View Issue Details

IDProjectCategoryView StatusLast Update
0002706CentOS-5yumpublic2009-01-07 17:33
Reporteroroboros 
PrioritynormalSeverityminorReproducibilityrandom
Status feedbackResolutionopen 
Product Version5.1 
Target VersionFixed in Version 
Summary0002706: Yum randomly fails with floating point exception
Description[root@dnvr-xcos-2 ~]# yum update
Floating point exception
[root@dnvr-xcos-2 ~]# uname -a
Linux dnvr-xcos-2.rockynet.com 2.6.18-53.1.4.el5xen #1 SMP Fri Nov 30 01:53:35 EST 2007 i686 i686 i386 GNU/Linux
[root@dnvr-xcos-2 ~]#
Additional InformationThis is from a very default 5.1 install where the only additional package selected was "virtualization". Xen kernel is running and it doesn't seem to matter whether there are VMs running or not. Also LDAP authentication was configured.
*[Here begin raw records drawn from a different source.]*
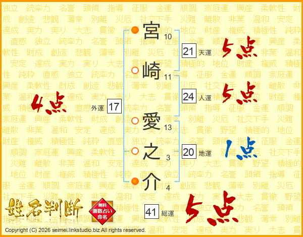 宮(10画)崎(11画) 愛(13画)之(3画)介(4画)
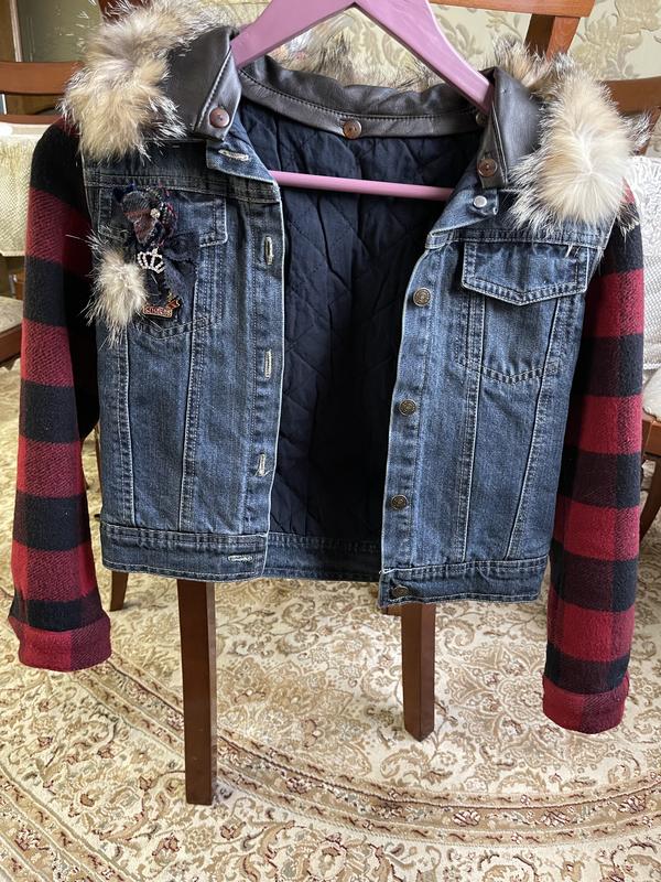 Джинсовая курточка LAPIN House ( оригинал) для девочки, утепленная, мех из воротника отстегивается.
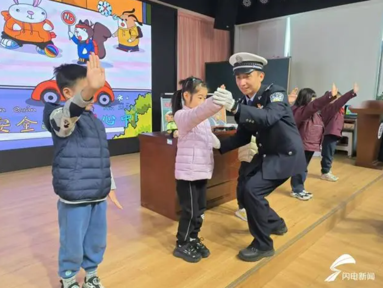 “生動(dòng)活潑,入腦入心”。民警通過(guò)ppt為同學(xué)們介紹了各種常見的交通標(biāo)志、標(biāo)線,例如“一盔一帶”,“安全帶是生命帶”、“細(xì)觀察,不猛跑”等。同時(shí),民警還開展了有獎(jiǎng)互動(dòng),為答對(duì)問(wèn)題的小朋友送上交通安全文創(chuàng)產(chǎn)品。
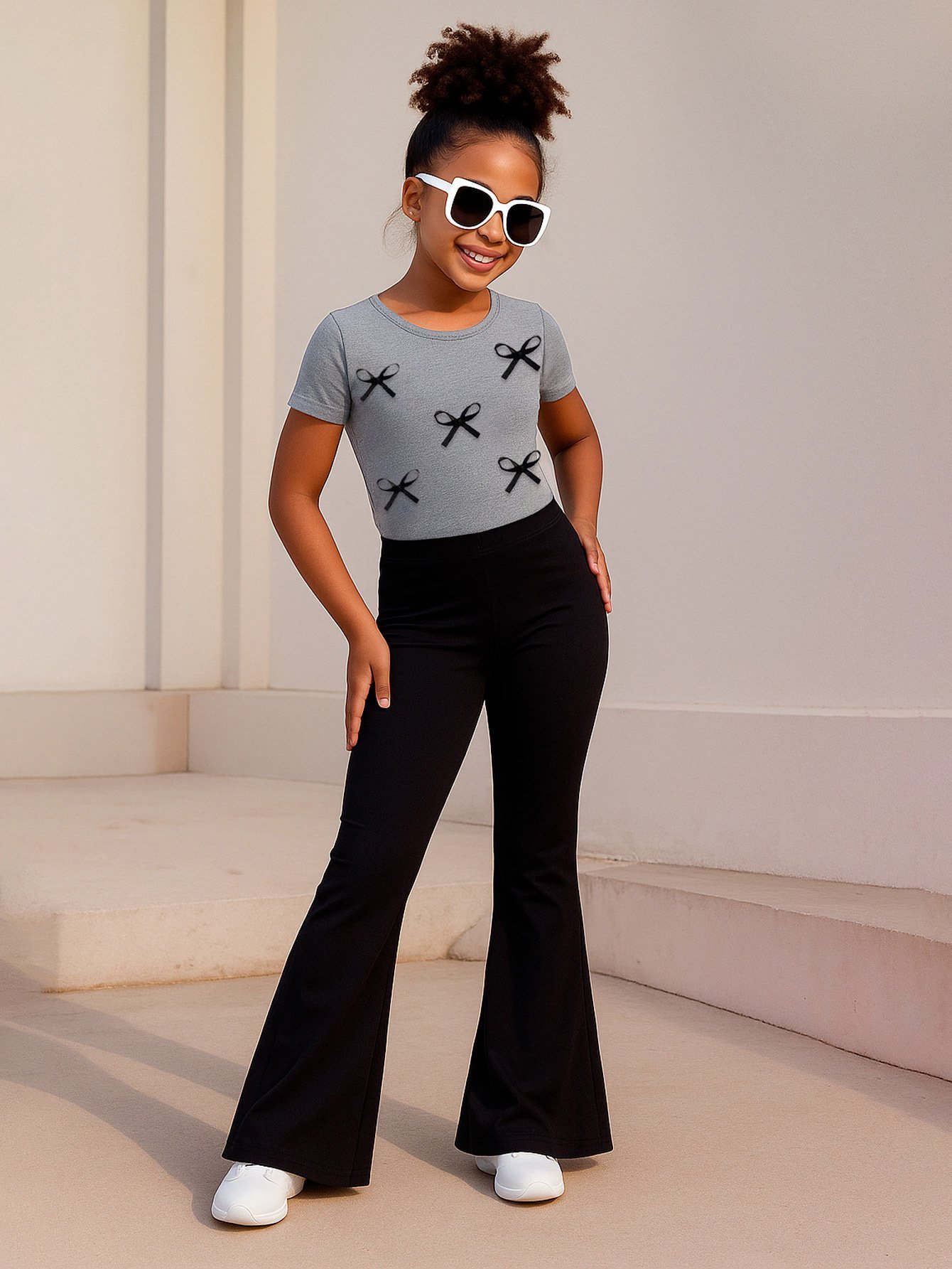 طقم بناتي أنيق مكون من قطعتين فنيلة مزينة بفيونكة أنيقة وبنطلون
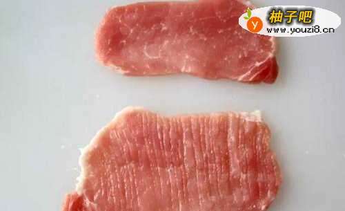 猪排洗净用刀背将猪排拍松,带筋部分用刀划开
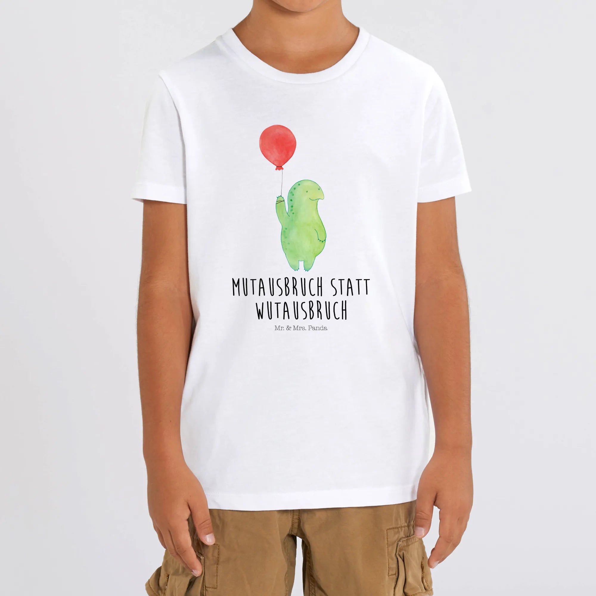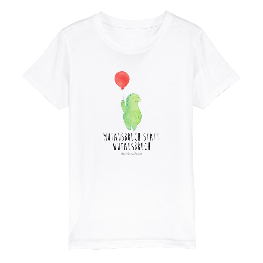 Die putzige Schildkröte schwebt an einem bunten Luftballon und bringt jedem Kind nicht nur ein Lächeln ins Gesicht, sondern auch eine Botschaft voller Freude und Freiheit. Das T-Shirt trägt den motivierenden Spruch 'Mutausbruch statt Wutausbruch', der Kinder ermutigen soll, ihre Emotionen positiv auszudrücken und Freude am Leben zu finden.
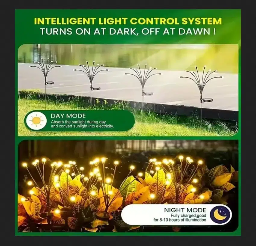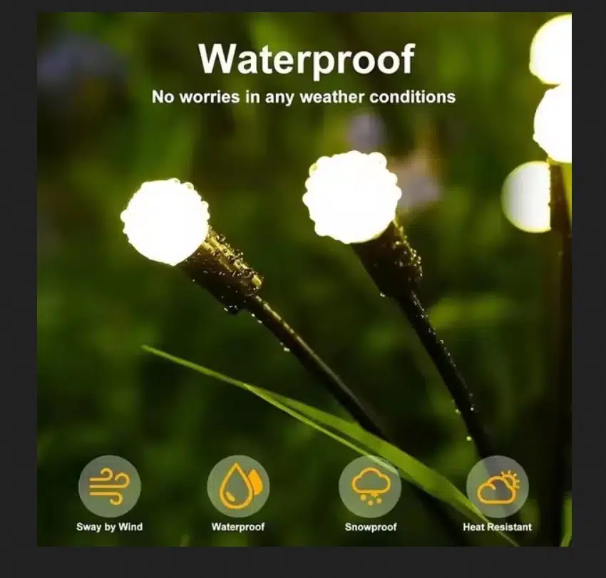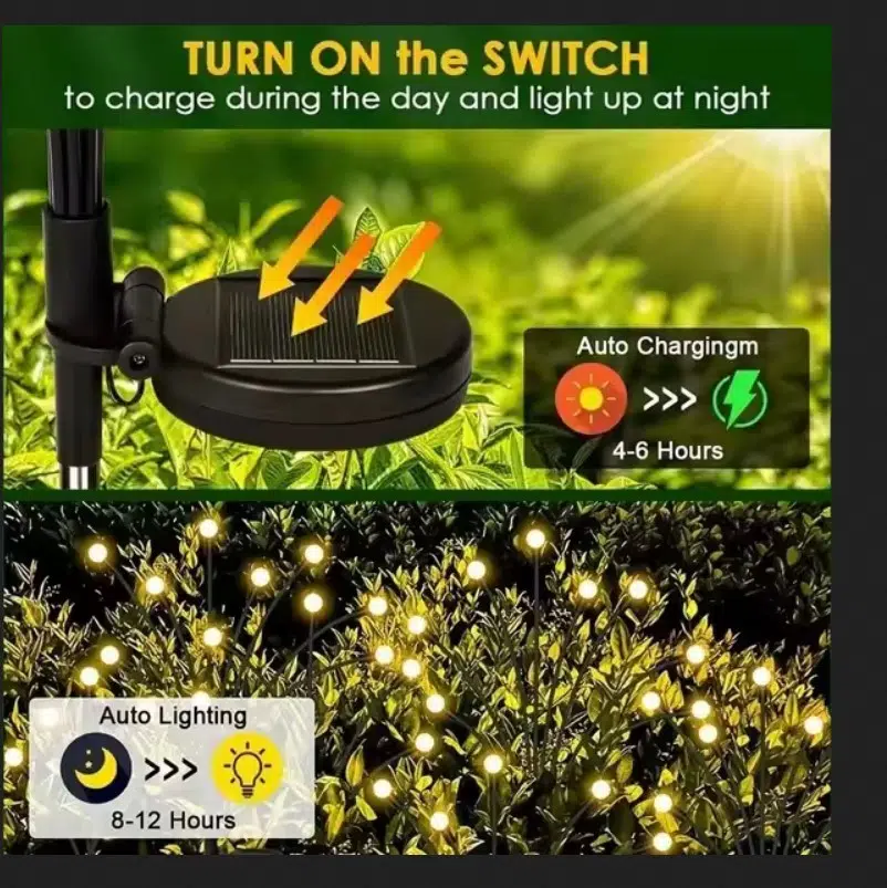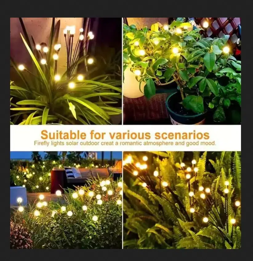 Rüzgar estiğinde sallanma: Güneş enerjili dekoratif ışıklar çok yumuşak ve esnek tel ile desteklenir.yani rüzgar estiğinde güneş enerjisiyle sallanan ışık rüzgarla birlikte sallanır.Dans edici güzelliği romantik bir atmosfer yaratır ve geceleri bahçeye sıcaklık katar, açık havada bahçe dekorasyonları hediye etmek için uygundur!
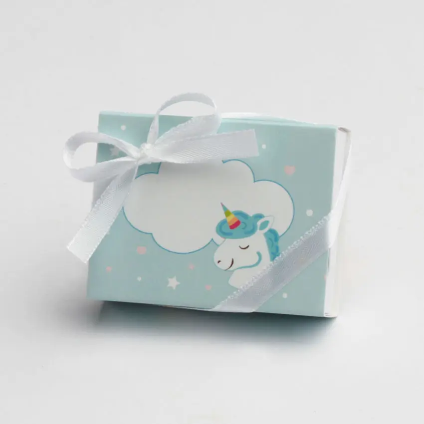 Boite à dragées Licorne Bleu ciel – Fourreau – Lot de 10
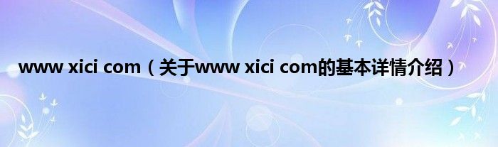 www xici com(关于www xici com的基本详情介绍)
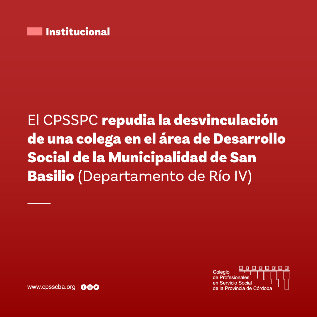 El CPSSPC repudia la desvinculación y se pronuncia en contra de la RUPTURA al PRINCIPIO DE ESTABILIDAD DEL EMPLEO PÚBLICO (CN 14 BIS y CP art. 23) de la Lic. en Trabajo Social Maria Liria Ladousse MP: 1530 quien desempeñaba funciones en el área de Desarrollo Social de la Municipalidad de San Basilio (Departamento de Río IV). La colega se encuentra debidamente matriculada y sin sanciones éticas en su ejercicio profesional.
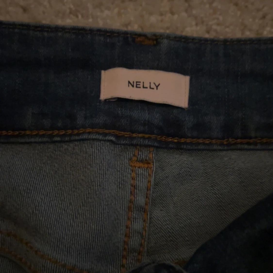 Super söta blåa jeans från Nelly. Jeansen har ett stretchigt material och kan därför passa större storlekar. Jeansen har lite tecken på använd längst ner på vänster ben. Säljer då dem inte kommer till använd längre. Dom är i storlek 36. Midjemått: 34 cm rakt över. Innerbenslängd: 81 cm💞💞

From moment to moment yum will randomly work or not. Often even invoking "yum" with no arguments to get the help will also produce this same floating point exception.

Have reproduced across several different hardware platforms (all x86) using different sets of installation media (another co-worker in another city has also run into it).
TagsNo tags attached.

Activities

kbsingh@karan.org

kbsingh@karan.org

2008-02-23 23:10

administrator   ~0006932

you need to provide more details on howto reproduce this issue. Attach anaconda install files ( all 3 from /root - and also anaconda logs from syslog ), also include kickstarts you might have used as well as specific system information.
range

range

2008-02-24 13:16

administrator   ~0006933

Did you update the machine from CentOS 4 via yum?
schlisko

schlisko

2008-03-10 11:38

reporter   ~0007011

I see same issue on two servers of one of our customers. I is a fresh install with 5.0 updated to 5.1.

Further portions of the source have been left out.